Barnard’s Star is 6 light-years away, so the quoted distances are consistent. However, as “Crowlspace” is about Hard-SF the relativistic trajectory needs to be checked. Acceleration, distance and time are inextricably linked, even in plain old Newtonian mechanics.

To reach a speed v, then slow down to zero again, takes a time, \(t_g\), at an acceleration, g, related by:

$$t_g=\left(\frac {2.v}{g}\right)$$

Conversely the maximum velocity attained, at \(t_g/2\), is:

$$v=\left(\frac{g.t_g}{2}\right)$$

In Relativistic motion the sidereal time required is also a simple relationship between gamma-factor, speed and acceleration:

$$t_g=\left(\frac {2.\gamma.v}{g}\right)$$

Gamma-factor is defined as:

$$\gamma=\sqrt{1-\left(\frac{v}{c}\right)^2} = \sqrt{1+\left(\frac{g.t_g}{2.c}\right)^2}$$

And maximum velocity becomes:

$$v=\frac{\frac{g.t_g}{2}}{\left(1+\left(\frac{g.t_g}{2.c}\right)^2\right)}$$

The “Columbus VI” takes 16 years to reach a gamma factor of 2 at 1/8th gee, then slow down again. But what time is really required?

At 1 gee the time-factor of cee/gee is 0.97 years, thus 1/8 gee is 8 times as long.

The speed is SQRT(3/4) cee and the gamma factor is 2, so the total acceleration time should be 2.(0.97).(8).SQRT(3).

To get to gamma 2 in 16 years, the acceleration has to be (0.97)*SQRT(3) times higher, about 0.21 gee.

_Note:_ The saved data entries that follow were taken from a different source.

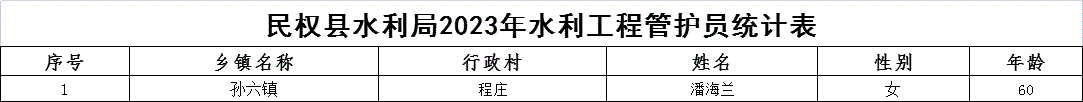 程庄村2023年水利局水利工程管护员统计表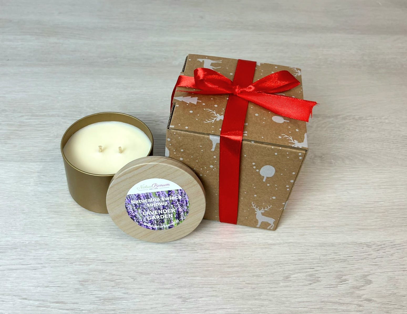 Naturalna świeca sojowa LAVENDER GARDEN w złotej puszce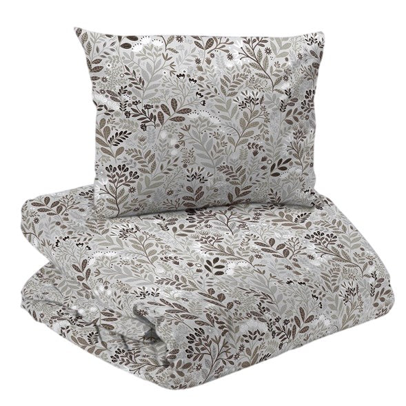 Bäddset med vackert småmönstrat blommotiv i bruna och beige nyanser på brun botten. Mönster skapat av svensk designer.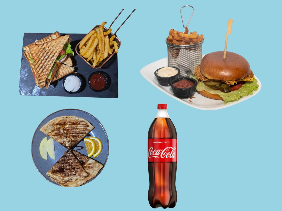 клуб сандвич пилешки 1 бр, бургер пилешки 1 бр, палачинка със шоколад 2 бр и подарък 1 л кока кола

Alternatively we can ask ourselves, how far does 1/8 gee really get us in 16 years, followed by 5 years of cruising at the resulting speed?

The Newtonian Displacement (aka Distance) equation, when we substitute in the relevant values is:

$$S= v.t-\left(\frac{v^2}{g}\right)$$

The Relativistic version is similar:

$$S=v.t-\frac{2.c^2}{g}\left(\frac{\gamma-1}{\gamma}\right)$$

Using the definition of the total acceleration time, \(t_g\), above and some algebra, as well as the definition of \(\gamma\) we can eliminate the acceleration:

$$S=v.t\left(1-\frac{t_g}{t}\left(\frac{1}{\gamma+1}\right)\right)$$

If the total time, \(t\), equals \(t_g\), then the equation reduces to:

$$S=v.t\left(\frac{\gamma}{\gamma+1}\right)$$

The values used by George Turner were total time 21 years, acceleration time 16 years, \(\gamma\) of two, and max speed of \(\sqrt{3/4}\) cee. Plugging them in we get:

$$S=\sqrt{3/4}.(21)\left(1-\frac{16}{21}\left(\frac{1}{3}\right)\right)$$

A displacement of 13.57 light-years. But that uses the higher acceleration we computed above.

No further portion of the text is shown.